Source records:
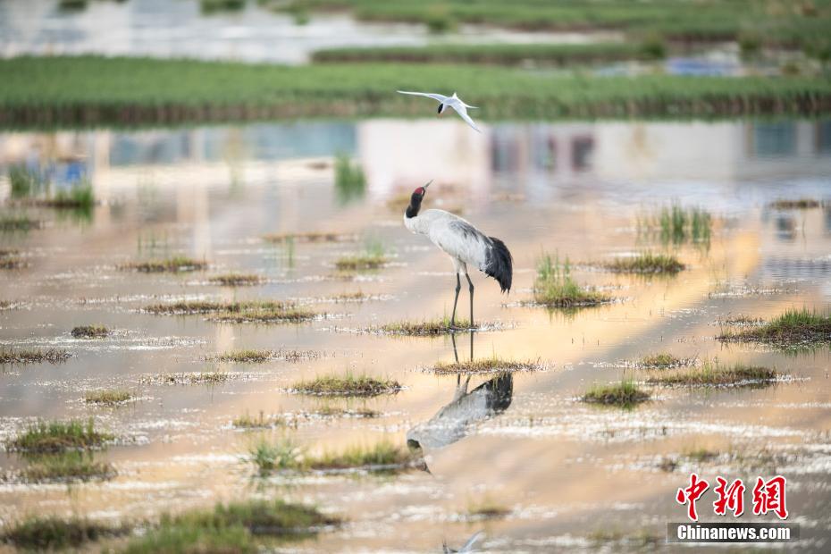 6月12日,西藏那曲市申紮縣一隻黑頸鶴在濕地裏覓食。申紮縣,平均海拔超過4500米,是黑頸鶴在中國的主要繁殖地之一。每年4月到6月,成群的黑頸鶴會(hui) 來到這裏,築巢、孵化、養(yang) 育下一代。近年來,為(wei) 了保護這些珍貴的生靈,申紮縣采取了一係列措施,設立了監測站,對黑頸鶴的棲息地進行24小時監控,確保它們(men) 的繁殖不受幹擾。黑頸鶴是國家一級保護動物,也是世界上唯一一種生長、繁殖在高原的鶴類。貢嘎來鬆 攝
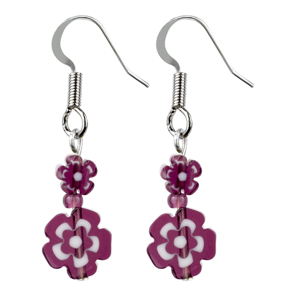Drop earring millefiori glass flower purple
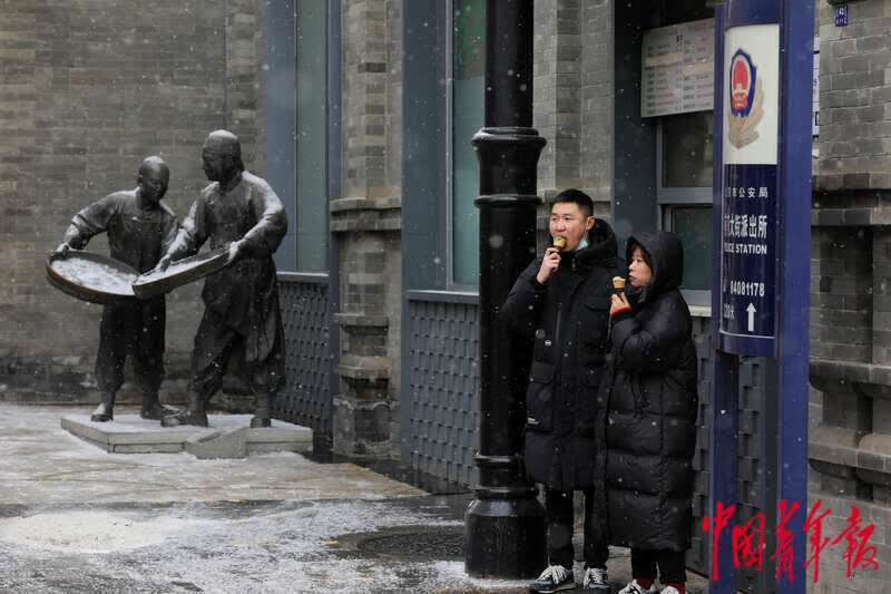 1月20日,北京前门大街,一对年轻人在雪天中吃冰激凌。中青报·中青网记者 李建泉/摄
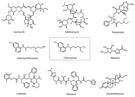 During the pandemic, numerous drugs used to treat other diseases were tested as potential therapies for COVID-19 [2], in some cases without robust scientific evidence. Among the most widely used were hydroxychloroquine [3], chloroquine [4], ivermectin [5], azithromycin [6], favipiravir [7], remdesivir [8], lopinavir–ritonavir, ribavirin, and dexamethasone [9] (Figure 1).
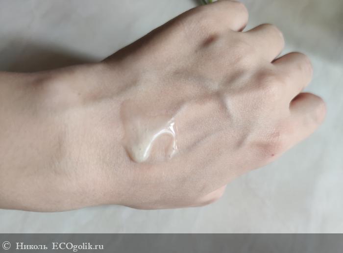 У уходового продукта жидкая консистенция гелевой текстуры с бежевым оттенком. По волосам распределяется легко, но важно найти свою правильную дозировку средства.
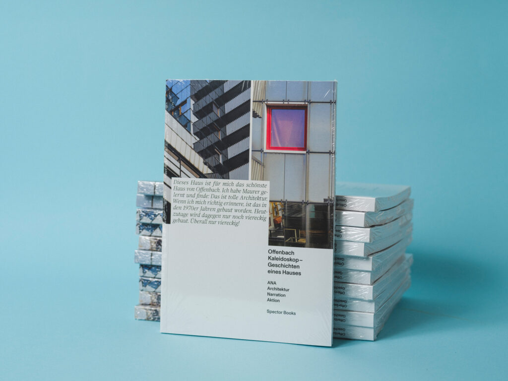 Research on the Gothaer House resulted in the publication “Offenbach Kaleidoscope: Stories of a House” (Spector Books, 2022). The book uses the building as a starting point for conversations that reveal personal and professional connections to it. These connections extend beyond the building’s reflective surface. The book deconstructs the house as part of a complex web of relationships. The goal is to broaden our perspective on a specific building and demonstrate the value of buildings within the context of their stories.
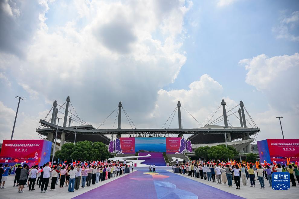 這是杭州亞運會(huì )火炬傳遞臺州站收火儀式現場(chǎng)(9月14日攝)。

> PROBLEM DESCRIPTION: Starting from the line with "1月20日,北京前门大街,一" in the records above, repeat each line exactly until you have written the line with "У уходового продукта", then stop; drop the pictures.

> YOUR SOLUTION:
 1月20日,北京前门大街,一对年轻人在雪天中吃冰激凌。中青报·中青网记者 李建泉/摄
 During the pandemic, numerous drugs used to treat other diseases were tested as potential therapies for COVID-19 [2], in some cases without robust scientific evidence. Among the most widely used were hydroxychloroquine [3], chloroquine [4], ivermectin [5], azithromycin [6], favipiravir [7], remdesivir [8], lopinavir–ritonavir, ribavirin, and dexamethasone [9] (Figure 1).
 У уходового продукта жидкая консистенция гелевой текстуры с бежевым оттенком. По волосам распределяется легко, но важно найти свою правильную дозировку средства.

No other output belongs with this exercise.